START Data for review
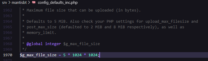 일단 config_defaults_inc.php파일을 보면 기본값이 5MiB로 설정되어 있다.
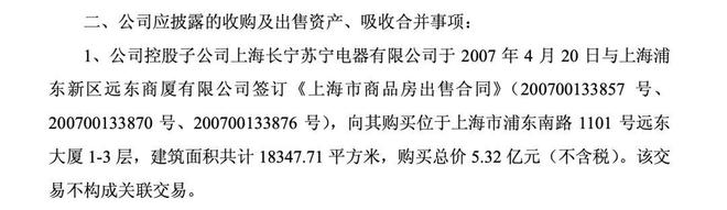 2007年4月20日,上海长宁苏宁电器有限公司与上海浦东新区远东商厦有限公司签订《上海市商品房出售合同》,向其购买位于上海市浦东南路1101号远东大厦1-3 层,建筑面积共计18347.71平方米,购买总价5.32亿元(不含税)。
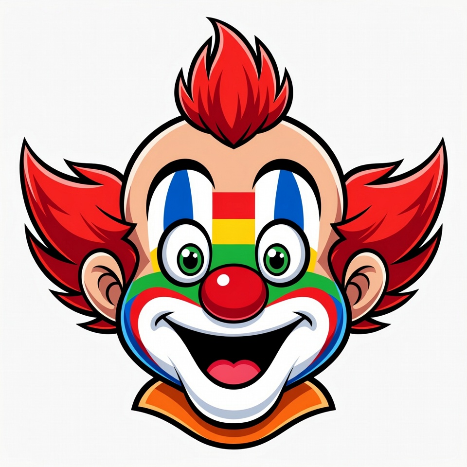 big smile, cartoon character, cartoon clown, circus clown, clipart, clown face, colorful makeup, fun clown, googly eyes, illustration, isolated background, rainbow cheeks, red hair, red nose, smiling clown, spiky hair, striped eyes, vector art, vibrant colors, white background, clown
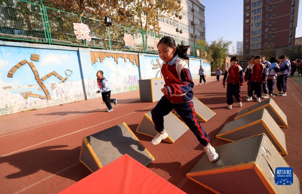 11月27日,河北省石家庄市仁华小学学生利用大课间进行“跨越坦克墩”游戏。
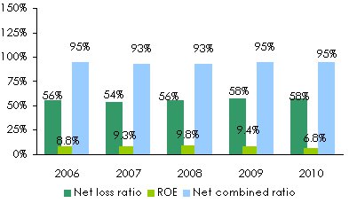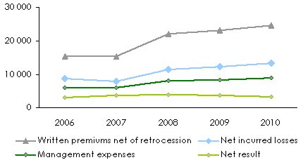 Evolution of premiums, losses, management expenses and results: 2006-2010
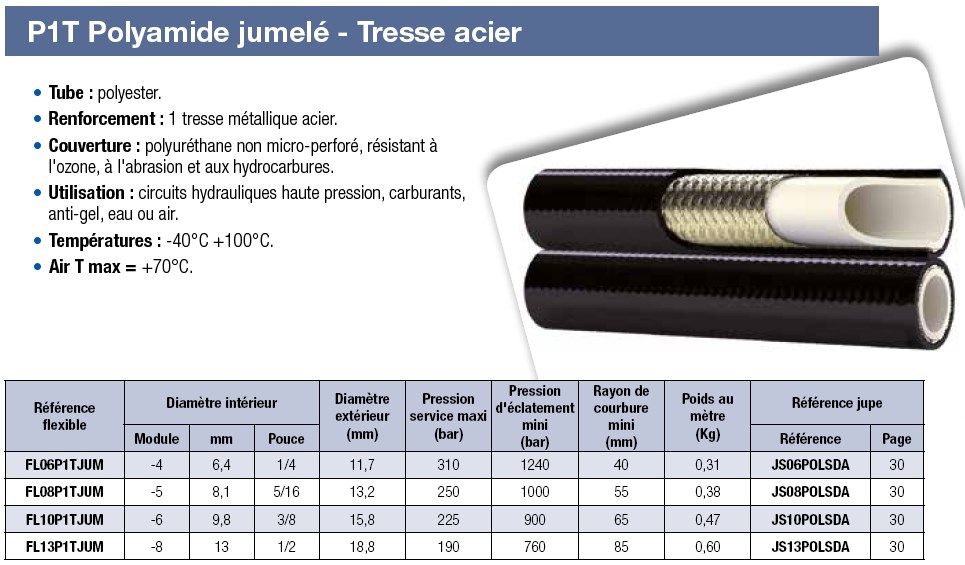 Infos supplémentaires TRESSE ACIER - Jumellé Ref Dunlop Hiflex 1000267 Flexible Ø13 1/2 polyamide jumelé tresse acier P1T 190 bar FL13P1TJUM
END Data for review
# Work item
Only the lines from the one containing "Evolution of premiums, losses, management" through the final line of the records should be retyped, exactly, with every picture omitted.

# Exercise answer
 Evolution of premiums, losses, management expenses and results: 2006-2010
 Infos supplémentaires TRESSE ACIER - Jumellé Ref Dunlop Hiflex 1000267 Flexible Ø13 1/2 polyamide jumelé tresse acier P1T 190 bar FL13P1TJUM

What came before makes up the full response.